Pho Tien sells steamed shrimp spring rolls two for $5. (Michael Cooper / American Press)

Pho Tien remains popular on local scene

Last Modified: Friday, July 05, 2013 3:59 PM

By Michael Cooper / American Press

In the mood for something a little different, two co-workers and I went to Pho Tien Vietnamese Restaurant recently.

Pho Tien, located at 4415 Nelson Road, opened in 2008 and has been the place to go for Vietnamese fare since.

Some shy away from international cuisine because they lack an understanding or have preconceived notions about what it is.

Vietnamese food may seem a little strange and odd. There are spicy dishes — anything with curry — and some items that even I refuse to try, like raw blood soup. No different from the spicy crab stew and head cheese found in Cajun cuisine.

You can expect balanced flavors, fresh ingredients and heavy use of vegetables in almost all Vietnamese cooking. Most dishes are grilled, baked or steamed rather than fried, making Vietnamese one of the healthiest ethnic cuisines in the world.

The waitress at Pho Tien was helpful to us in selecting our meals and there is a pretty extensive picture menu at the counter to get around any language barrier.

The menu can be broken down into five categories — appetizers, vermicelli noodle salads, rice plates, stir-fried dishes and soups.

The soups, known as Pho, come in three sizes. It was pretty obvious from looking at the other diners’ orders that soup is a popular item at Pho Tien.

The stir-fried dishes, rice plates and vermicelli salads all come in a wide range of variations.

Beef, pork, chicken, shrimp and salmon appear often as the meat option while tofu is the main ingredient for the vegetarian choices.

The appetizers at Pho Tien’s are pretty varied as well. There is a selection of spring rolls, egg rolls, meat kabobs, dumplings, fried tofu, shrimp toast and edamame.

Neither John Guidroz nor Lance Traweek wanted an appetizer but I had to have a steamed shrimp spring roll.

A spring roll, whether fried or steamed, is meat, vegetables and noodles rolled in thin rice paper. You won’t detect much flavor in a spring roll. The majority of the taste comes from the dipping sauce, which in this case was peanut.

I loved the spring rolls and would order them again in a heartbeat. The peanut sauce at Pho Tien was far better than most I have tried.

For the main course, all three of us ordered rice plates.

Each rice plate comes with a small side salad which includes shredded lettuce, tomatoes, large slices of cucumbers, pickled carrots and daikon. I personally loved the salad, especially the cucumbers and pickled carrots.

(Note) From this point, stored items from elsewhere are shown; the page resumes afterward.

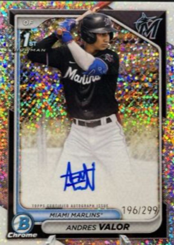 2024 Bowman Chrome 1st Speckle Refractor Andres Valor Auto /299 Miami Marlins
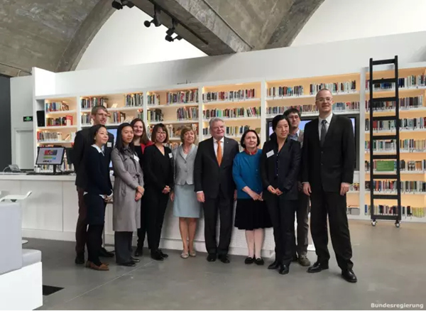 Peking, 22. M?rz 2016. Der Pr?sident der Bundesrepublik Deutschland Joachim Gauck hat bei seinem ersten Staatsbesuch in China den im vergangenen Oktober er?ffneten Standort des Goethe-Instituts im Kunstviertel ?798“ besucht. Gemeinsam mit dem Leiter des Goethe-Instituts, Dr. Clemens Treter, besichtigte er die ?Wissensbar“, den ?Grey Cube“ und die ?Agora“, wo er sich anschlie?end mit den Schriftstellern Liu Zhenyun, Li Er, Xu Zechen, Feng Tang und Liang Hong über eine Stunde lang intensiv austauschte. W?hrend des Gespr?chs ging es um die literarischen Themen der Autoren, die chinesische Leserschaft, und um die Entwicklung und den Status Quo der chinesischen Kulturwelt.
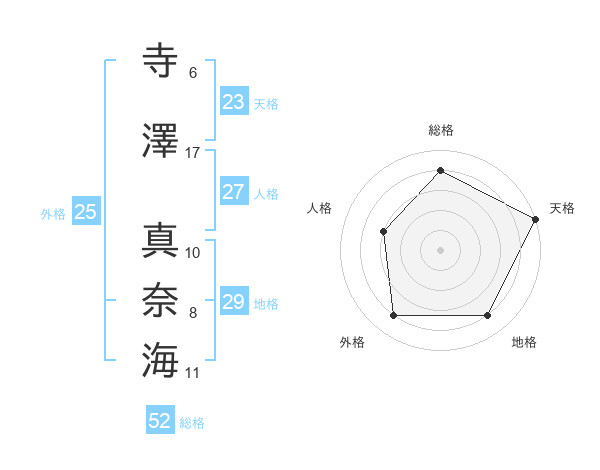 寺澤 真奈海さんを姓名の画数から五運を鑑定
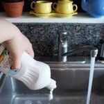 Tomar una botella de acondicionador de cabello y arrojar a chorros un poco encima de la espuma en el fregadero.
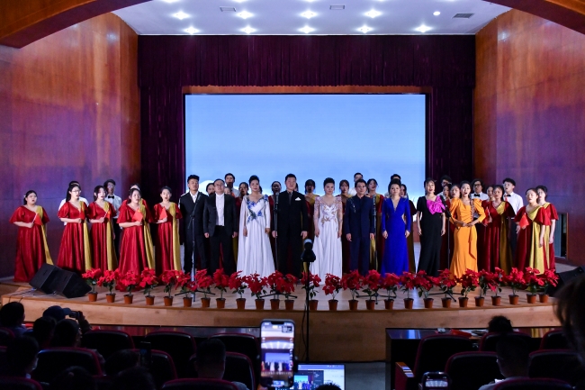音乐会在一首《领航》曲目中拉下帷幕,全体演出人员与校合唱队携手共唱《领航》,现场观众共同歌颂新时代,深刻品味艺术魅力。
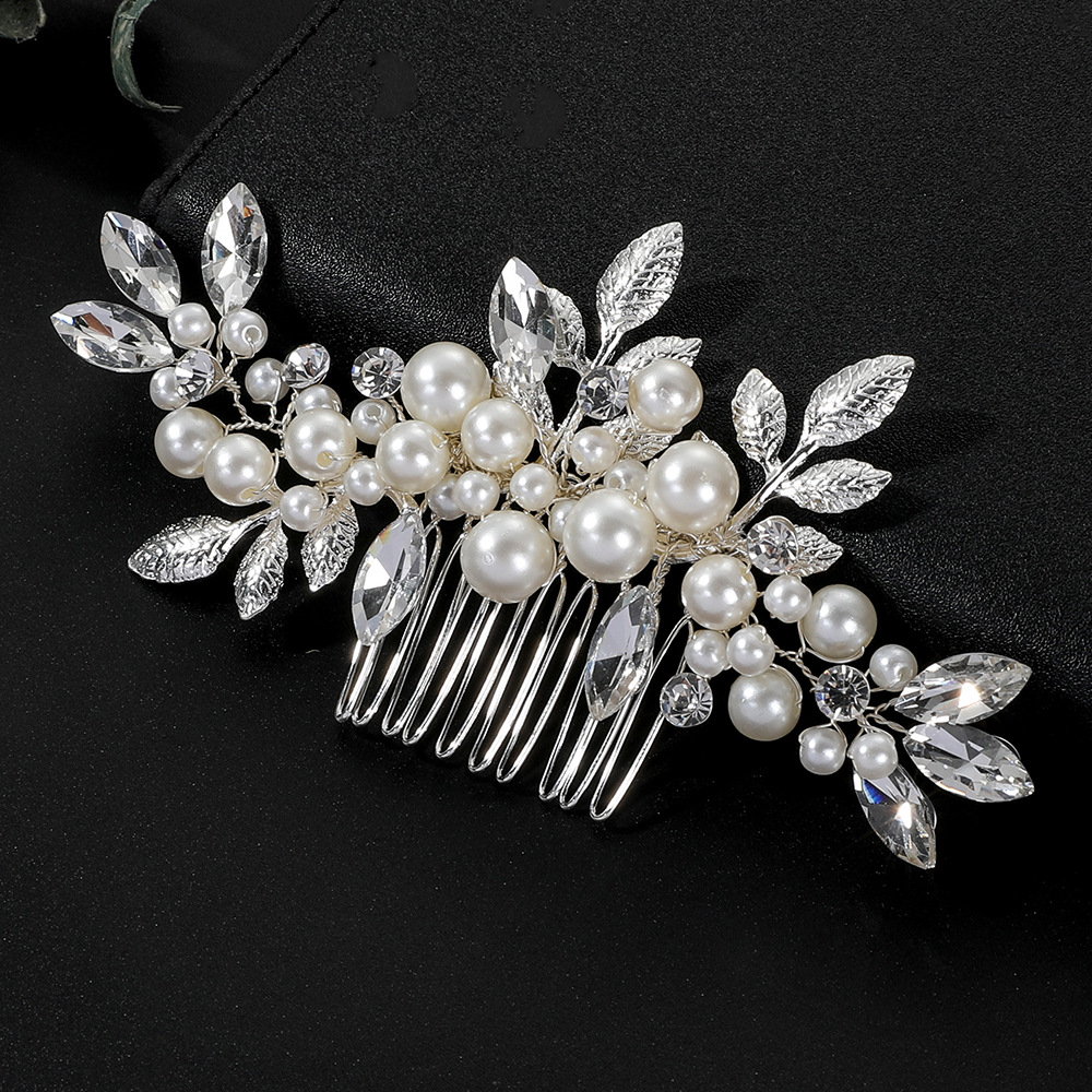 Dekorative Hårkamme, Zinc Alloy, med messingtråd & Krystal & Plastic Pearl, håndlavet, mode smykker & for kvinde, sølv, 120x70x5mm, Solgt af PC

John ordered the shaken beef with fried rice. He said it was a lot like pepper steak one would get from a Chinese restaurant. The dish came with a small bowl of salt, pepper and limes. John said he didn’t use much of it as the meat was seasoned well enough already.

Lance went with the roasted chicken and fried rice. The rice had a pan-fried egg sitting on top. He said the chicken, which was chopped up with the bones still in it, was a little dry. A small bowl of brown sauce was provided for dipping and Lance said it tasted a lot like bourbon chicken sauce.

I ordered the grilled chicken and steamed rice. The steamed rice was OK but could be considered a little overcooked by some. The grilled chicken, a charbroiled piece of boneless breast meat, really stood out, though. I have no idea what kind of spices were used and the only way I describe it is fresh, lean and delicious.

I know this sounds a bit silly but I put a lot of stock in a restaurant’s ability to deliver a good fountain drink. I feel that if an establishment can’t operate a simple soda machine then they have no business trying to serve me food. Pho Tien’s drinks were really good and you could tell they put some work in keeping it clean.

As much as I enjoyed the food I don’t think I will be going with my family. I will be back, just not with the kids.

Pho Tien is not really a kid-friendly place. There are simply not enough options on the menu for most children. I suggest that if you do go with kids, steer them to the meat kabobs or soups.

Our bill was $42.51, a little high for lunch. But the food was good and we were able to get in and out in under an hour.